[RECORDS FOR THE TASK Boundary: Start]

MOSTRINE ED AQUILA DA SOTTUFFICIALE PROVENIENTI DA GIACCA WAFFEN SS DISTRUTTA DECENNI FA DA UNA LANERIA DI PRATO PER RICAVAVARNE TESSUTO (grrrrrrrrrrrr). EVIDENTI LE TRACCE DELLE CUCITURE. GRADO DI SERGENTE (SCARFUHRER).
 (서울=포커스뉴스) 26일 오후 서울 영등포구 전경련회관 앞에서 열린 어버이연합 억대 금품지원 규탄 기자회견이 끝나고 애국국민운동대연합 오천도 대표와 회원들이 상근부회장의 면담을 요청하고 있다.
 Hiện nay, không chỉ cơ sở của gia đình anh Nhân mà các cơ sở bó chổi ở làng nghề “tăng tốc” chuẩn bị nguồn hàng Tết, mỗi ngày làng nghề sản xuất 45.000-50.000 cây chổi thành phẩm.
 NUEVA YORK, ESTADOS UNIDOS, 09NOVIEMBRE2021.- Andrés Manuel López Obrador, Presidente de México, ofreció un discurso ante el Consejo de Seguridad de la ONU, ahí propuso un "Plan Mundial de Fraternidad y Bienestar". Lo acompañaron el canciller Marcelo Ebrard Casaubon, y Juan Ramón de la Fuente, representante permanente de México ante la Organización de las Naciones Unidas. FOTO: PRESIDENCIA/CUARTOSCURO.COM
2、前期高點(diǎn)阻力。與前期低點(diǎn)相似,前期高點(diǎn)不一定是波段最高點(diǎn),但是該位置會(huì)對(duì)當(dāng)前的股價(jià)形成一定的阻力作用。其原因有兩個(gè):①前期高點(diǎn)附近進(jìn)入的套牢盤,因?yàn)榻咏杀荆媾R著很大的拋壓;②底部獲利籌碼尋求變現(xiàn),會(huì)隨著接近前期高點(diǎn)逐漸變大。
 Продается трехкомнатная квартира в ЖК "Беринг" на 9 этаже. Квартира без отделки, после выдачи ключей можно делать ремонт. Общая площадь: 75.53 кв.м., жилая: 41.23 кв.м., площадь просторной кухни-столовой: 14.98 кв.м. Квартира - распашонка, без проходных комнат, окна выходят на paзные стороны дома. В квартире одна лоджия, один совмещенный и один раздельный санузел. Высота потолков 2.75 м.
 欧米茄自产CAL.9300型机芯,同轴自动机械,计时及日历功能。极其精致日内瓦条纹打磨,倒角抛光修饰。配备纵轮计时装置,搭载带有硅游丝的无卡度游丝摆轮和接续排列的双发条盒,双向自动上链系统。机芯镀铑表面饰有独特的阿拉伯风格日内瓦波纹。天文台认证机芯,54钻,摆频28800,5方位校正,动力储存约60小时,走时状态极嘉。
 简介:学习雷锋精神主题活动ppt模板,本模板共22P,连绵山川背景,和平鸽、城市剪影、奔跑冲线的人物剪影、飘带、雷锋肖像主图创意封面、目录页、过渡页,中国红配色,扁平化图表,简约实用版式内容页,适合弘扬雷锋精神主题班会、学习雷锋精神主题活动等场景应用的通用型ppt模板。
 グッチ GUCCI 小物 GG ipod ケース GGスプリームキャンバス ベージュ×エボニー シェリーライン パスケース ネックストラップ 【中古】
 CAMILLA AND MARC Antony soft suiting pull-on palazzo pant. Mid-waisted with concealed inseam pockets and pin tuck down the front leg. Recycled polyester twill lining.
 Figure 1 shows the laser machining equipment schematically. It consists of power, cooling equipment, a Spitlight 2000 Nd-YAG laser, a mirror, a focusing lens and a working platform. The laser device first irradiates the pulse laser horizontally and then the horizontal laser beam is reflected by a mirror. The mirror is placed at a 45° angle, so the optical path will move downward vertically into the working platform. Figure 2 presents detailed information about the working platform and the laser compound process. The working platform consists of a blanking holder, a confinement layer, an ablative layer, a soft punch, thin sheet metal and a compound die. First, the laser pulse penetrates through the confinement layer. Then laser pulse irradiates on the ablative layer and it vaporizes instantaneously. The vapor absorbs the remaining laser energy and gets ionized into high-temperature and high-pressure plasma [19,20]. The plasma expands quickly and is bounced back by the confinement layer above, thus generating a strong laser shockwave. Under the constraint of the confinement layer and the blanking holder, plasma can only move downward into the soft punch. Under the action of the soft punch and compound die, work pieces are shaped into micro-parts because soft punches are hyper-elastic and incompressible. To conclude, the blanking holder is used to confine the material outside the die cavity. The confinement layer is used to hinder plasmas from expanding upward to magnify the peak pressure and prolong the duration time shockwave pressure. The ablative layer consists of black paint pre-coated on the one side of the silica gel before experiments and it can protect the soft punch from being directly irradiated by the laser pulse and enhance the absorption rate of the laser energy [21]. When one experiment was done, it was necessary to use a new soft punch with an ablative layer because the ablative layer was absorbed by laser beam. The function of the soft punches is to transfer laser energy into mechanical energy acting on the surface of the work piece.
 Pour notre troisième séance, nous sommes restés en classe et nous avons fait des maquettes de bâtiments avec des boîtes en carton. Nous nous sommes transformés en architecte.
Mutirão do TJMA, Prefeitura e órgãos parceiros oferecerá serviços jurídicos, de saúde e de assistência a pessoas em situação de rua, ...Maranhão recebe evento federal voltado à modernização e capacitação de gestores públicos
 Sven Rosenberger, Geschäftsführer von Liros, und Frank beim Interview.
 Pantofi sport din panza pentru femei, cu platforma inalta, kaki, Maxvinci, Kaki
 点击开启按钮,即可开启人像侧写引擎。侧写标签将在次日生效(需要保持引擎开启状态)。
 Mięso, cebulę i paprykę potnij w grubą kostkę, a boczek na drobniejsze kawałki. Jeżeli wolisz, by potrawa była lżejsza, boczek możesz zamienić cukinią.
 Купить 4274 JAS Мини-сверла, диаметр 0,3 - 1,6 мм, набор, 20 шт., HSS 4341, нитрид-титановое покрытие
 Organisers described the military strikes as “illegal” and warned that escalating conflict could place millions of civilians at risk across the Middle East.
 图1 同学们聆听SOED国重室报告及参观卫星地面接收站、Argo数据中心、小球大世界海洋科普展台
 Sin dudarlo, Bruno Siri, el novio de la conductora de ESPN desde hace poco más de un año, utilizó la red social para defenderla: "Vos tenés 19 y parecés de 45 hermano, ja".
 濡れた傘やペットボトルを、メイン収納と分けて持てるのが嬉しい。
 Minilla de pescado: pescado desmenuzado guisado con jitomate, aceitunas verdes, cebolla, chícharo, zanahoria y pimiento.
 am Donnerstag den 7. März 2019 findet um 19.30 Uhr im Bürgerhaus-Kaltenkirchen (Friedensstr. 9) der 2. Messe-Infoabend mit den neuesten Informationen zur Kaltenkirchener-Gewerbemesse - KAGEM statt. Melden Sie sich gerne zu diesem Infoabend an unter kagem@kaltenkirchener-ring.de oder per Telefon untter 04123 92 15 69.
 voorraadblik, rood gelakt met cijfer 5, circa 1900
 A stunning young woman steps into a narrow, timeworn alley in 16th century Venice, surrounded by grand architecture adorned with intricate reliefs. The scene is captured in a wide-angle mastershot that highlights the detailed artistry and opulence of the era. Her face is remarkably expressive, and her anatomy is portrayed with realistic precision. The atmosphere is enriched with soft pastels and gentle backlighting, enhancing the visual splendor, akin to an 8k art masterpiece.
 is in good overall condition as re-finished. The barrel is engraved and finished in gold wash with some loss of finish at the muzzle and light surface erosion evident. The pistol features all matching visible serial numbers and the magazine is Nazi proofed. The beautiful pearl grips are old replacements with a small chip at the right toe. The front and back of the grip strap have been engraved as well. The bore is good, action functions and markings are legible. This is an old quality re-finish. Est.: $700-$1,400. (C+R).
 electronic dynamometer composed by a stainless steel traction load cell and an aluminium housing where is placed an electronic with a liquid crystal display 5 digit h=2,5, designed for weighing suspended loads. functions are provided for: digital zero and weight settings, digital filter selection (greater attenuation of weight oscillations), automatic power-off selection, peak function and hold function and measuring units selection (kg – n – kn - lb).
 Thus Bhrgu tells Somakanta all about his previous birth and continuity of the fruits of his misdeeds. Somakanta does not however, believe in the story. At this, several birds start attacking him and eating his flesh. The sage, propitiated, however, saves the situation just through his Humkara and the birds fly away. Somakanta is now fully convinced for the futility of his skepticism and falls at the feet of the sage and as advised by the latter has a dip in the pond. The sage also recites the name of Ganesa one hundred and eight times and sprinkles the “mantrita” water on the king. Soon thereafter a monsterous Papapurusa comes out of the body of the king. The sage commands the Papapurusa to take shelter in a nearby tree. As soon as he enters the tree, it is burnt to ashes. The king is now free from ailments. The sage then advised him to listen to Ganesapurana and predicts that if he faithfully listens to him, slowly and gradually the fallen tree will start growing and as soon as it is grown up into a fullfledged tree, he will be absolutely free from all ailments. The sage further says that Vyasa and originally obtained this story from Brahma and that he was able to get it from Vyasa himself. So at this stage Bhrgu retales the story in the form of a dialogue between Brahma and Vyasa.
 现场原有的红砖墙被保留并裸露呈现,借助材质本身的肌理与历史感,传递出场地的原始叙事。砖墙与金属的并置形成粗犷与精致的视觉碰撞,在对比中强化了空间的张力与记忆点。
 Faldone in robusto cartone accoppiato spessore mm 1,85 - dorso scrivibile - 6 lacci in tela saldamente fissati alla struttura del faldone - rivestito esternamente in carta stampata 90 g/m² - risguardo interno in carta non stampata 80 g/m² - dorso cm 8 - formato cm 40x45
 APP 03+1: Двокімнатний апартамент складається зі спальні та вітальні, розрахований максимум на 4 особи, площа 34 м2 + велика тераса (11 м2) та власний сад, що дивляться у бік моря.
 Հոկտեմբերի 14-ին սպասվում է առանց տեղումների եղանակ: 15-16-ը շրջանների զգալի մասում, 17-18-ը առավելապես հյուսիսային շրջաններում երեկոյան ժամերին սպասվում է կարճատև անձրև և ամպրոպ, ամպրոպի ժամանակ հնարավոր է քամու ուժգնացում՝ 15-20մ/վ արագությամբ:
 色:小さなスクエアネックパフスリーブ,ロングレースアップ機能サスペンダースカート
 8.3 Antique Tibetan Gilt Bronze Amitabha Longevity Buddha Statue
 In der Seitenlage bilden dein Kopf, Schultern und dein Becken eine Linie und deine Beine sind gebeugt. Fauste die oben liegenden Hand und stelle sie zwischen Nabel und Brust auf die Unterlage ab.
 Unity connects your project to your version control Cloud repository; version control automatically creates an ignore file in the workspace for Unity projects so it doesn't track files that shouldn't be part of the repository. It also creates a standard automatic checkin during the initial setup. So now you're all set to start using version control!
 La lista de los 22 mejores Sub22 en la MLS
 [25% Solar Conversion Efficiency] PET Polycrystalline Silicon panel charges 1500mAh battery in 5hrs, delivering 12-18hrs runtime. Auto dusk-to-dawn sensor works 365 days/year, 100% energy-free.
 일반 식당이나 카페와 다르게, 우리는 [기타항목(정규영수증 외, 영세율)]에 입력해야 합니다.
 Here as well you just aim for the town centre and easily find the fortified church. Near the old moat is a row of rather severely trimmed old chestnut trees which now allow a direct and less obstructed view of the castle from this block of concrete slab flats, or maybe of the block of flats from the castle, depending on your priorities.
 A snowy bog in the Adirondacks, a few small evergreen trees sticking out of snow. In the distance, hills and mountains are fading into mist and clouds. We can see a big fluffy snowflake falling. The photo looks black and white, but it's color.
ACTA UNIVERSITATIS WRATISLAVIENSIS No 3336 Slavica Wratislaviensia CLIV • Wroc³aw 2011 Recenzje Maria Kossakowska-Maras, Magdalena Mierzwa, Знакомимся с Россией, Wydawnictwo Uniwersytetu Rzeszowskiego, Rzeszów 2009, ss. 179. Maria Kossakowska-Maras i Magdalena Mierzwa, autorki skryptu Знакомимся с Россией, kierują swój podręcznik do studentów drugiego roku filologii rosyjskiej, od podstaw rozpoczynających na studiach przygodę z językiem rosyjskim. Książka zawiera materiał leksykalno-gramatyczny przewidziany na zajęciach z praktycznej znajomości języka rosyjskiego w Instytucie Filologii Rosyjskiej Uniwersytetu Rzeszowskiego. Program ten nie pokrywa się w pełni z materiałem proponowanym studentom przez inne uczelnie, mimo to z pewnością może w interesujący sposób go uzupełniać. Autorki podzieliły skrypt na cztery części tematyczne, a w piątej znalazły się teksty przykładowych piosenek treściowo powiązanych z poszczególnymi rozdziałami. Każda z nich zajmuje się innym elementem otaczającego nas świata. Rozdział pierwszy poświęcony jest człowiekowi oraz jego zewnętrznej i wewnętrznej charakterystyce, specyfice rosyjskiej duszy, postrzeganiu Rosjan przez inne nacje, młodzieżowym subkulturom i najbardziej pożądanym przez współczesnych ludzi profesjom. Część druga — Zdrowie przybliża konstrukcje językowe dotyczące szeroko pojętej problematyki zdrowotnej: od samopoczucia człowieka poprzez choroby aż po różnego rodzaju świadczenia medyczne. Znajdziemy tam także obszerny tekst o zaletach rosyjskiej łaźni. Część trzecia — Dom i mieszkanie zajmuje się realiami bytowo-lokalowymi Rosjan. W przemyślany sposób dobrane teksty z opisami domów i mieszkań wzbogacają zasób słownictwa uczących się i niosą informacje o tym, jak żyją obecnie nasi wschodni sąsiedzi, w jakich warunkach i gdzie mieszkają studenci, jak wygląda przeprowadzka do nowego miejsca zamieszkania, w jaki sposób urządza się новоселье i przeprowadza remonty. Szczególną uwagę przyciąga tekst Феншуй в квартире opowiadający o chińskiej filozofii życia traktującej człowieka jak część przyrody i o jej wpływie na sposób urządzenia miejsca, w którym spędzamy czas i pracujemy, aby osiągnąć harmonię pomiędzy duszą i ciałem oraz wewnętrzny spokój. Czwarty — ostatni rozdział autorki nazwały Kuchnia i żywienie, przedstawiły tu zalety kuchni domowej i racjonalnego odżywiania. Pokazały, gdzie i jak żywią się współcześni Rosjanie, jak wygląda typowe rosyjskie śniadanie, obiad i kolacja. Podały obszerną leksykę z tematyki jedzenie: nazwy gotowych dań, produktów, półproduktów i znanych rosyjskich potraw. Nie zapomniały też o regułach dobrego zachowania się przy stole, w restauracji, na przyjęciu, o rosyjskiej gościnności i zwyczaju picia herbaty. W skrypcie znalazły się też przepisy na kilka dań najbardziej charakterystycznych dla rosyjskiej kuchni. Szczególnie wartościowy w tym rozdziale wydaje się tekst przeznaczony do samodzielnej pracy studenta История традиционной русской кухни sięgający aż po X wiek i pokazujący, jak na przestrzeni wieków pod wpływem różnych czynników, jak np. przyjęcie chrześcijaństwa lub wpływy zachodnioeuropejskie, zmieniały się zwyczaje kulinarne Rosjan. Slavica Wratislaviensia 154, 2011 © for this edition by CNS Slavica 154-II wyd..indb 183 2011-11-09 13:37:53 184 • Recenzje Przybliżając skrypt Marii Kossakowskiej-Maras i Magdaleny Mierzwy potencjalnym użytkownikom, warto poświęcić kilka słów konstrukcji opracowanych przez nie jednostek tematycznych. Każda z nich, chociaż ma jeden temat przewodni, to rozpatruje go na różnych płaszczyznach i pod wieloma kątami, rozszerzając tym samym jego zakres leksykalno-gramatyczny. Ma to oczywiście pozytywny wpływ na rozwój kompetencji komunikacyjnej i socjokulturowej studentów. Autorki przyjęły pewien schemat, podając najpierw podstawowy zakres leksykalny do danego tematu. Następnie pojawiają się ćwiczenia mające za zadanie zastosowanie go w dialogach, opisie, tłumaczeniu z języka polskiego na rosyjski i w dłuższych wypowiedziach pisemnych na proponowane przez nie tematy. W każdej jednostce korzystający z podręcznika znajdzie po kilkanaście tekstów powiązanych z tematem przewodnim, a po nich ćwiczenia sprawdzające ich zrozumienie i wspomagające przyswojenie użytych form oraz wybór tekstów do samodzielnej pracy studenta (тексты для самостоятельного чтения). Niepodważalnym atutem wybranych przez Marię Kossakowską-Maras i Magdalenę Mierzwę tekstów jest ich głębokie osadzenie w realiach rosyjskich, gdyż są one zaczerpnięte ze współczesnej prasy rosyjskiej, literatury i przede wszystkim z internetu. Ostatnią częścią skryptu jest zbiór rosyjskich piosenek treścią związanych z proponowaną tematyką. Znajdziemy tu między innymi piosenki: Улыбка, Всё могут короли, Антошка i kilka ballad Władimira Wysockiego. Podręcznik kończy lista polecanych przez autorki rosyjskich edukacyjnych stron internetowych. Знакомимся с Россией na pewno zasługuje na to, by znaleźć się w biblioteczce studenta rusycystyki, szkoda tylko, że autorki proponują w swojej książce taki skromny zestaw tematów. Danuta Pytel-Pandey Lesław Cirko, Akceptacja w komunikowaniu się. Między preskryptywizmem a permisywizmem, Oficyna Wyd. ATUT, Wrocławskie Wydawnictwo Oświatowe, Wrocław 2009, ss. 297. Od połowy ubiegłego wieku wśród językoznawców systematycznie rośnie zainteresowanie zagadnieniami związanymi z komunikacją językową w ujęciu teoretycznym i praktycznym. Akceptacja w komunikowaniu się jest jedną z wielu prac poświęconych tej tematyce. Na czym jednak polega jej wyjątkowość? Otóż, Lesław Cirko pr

[RECORDS FOR THE TASK Boundary: End]

YOUR TASK: Each line from the top of the records above through the line containing "(서울=포커스뉴스) 26일 오후" needs to be transcribed exactly, and no line after it.

ANSWER BOX:
MOSTRINE ED AQUILA DA SOTTUFFICIALE PROVENIENTI DA GIACCA WAFFEN SS DISTRUTTA DECENNI FA DA UNA LANERIA DI PRATO PER RICAVAVARNE TESSUTO (grrrrrrrrrrrr). EVIDENTI LE TRACCE DELLE CUCITURE. GRADO DI SERGENTE (SCARFUHRER).
 (서울=포커스뉴스) 26일 오후 서울 영등포구 전경련회관 앞에서 열린 어버이연합 억대 금품지원 규탄 기자회견이 끝나고 애국국민운동대연합 오천도 대표와 회원들이 상근부회장의 면담을 요청하고 있다.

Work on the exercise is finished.